======== Data extract ========

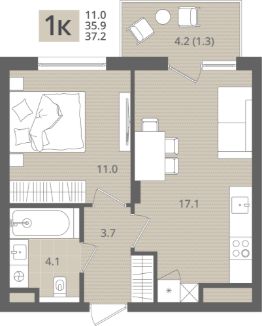 Общая площадь37,2 м²
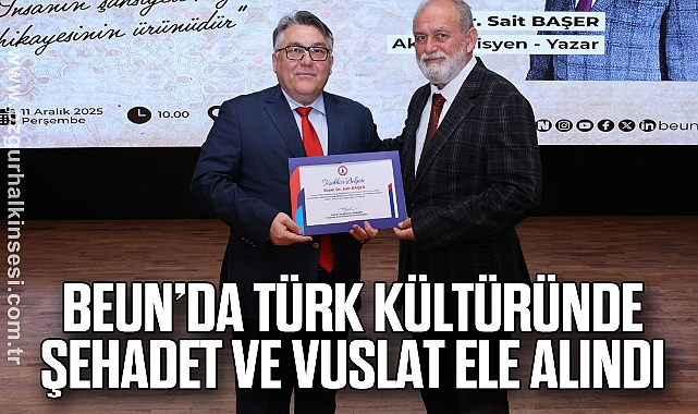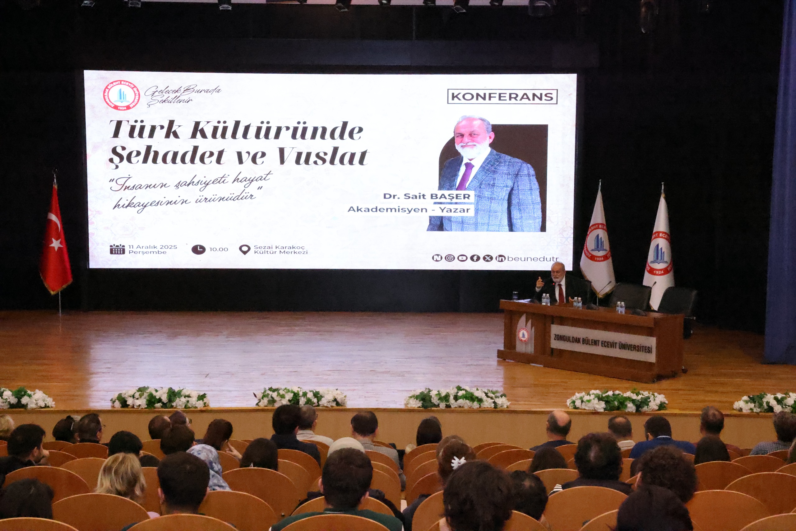 Açılış konuşmasının ardından konferansın konuşmacısı yazar Dr. Sait Başer kürsüye çıktı. Türk Kültürü üzerine derinlikli bir perspektif sunan Başer, Mevlana’dan Dede Korkut’a uzanan köklü geleneğin bugün dahi yol göstericiliğini sürdürdüğünü ifade etti. Başer; “Tanrı kelimesinin çoğulu olmaz, kültürümüz buna müsaade etmez. Kültür; bir milletin yüzyıllar boyunca yoğurduğu tecrübenin adıdır. Türk kültürü köleliği tanımaz; adalet duygusuyla var olmuş bir medeniyetin ürünüdür.” sözleriyle kültür kavramının Türk-İslam düşüncesindeki yerine vurgu yaptı. Adaletin yalnızca hukuk değil, hayatın tamamını kuşatan bir denge ölçüsü olduğunu belirten Başer, Türkçenin köklü yapısının bu kavramla doğrudan ilişkili olduğunu ifade etti. Başer, konuşmasının sonunda Hz. Mevlana'nın özlü sözlerinden örnekler vererek vuslatının 752. yıl dönümü münasebetiyle Mevlana'yı rahmetle anıp sözlerini sonlandırdı.
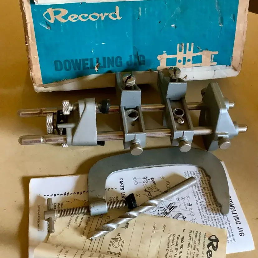 PRICE REDUCED! This is a complete Record 148 doweling jig, complete with all parts including the requisite brad point drill bit. The original box is included (old, taped and shabby but intact) the instruction manual, and a spare parts order form denominated in British pence, dated 11/74.
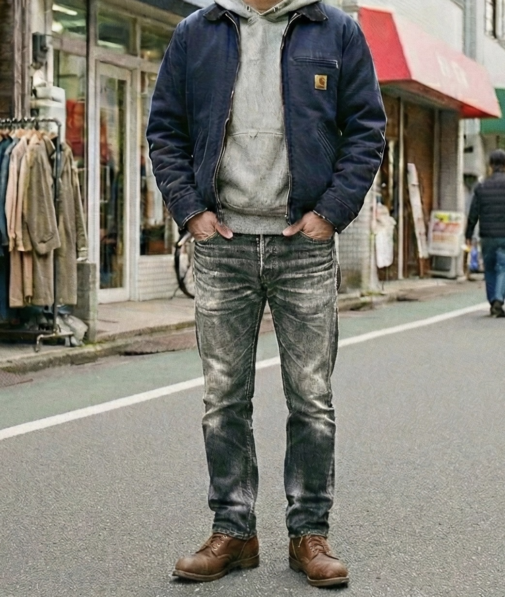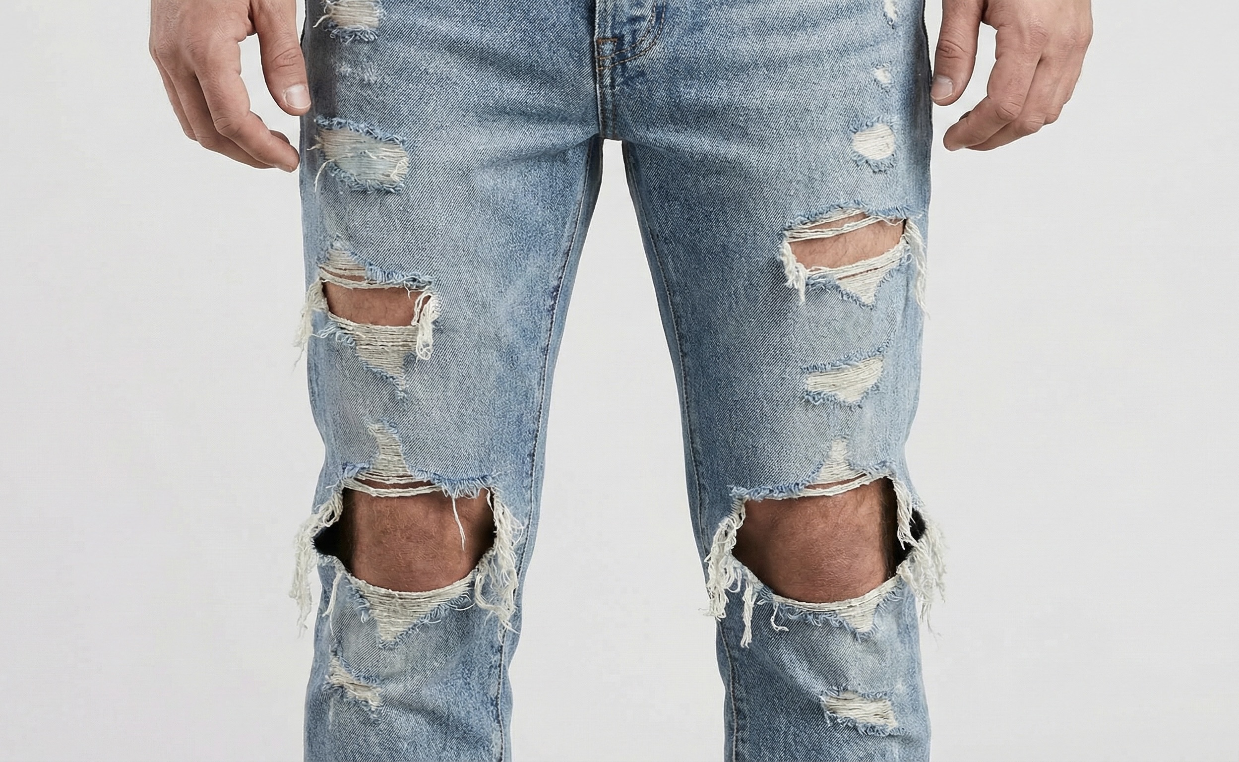 写真ほどのダメージデニムは流石にあまりいませんが、実は私の周りにも、かなり激しく色落ちしたデニムを履き続けている人が多いです。

========

Work task - Set down exactly the lines between the one with "PRICE REDUCED! This" and the last line of the material above, both included, but none of the pictures.

Result -
 PRICE REDUCED! This is a complete Record 148 doweling jig, complete with all parts including the requisite brad point drill bit. The original box is included (old, taped and shabby but intact) the instruction manual, and a spare parts order form denominated in British pence, dated 11/74.
 写真ほどのダメージデニムは流石にあまりいませんが、実は私の周りにも、かなり激しく色落ちしたデニムを履き続けている人が多いです。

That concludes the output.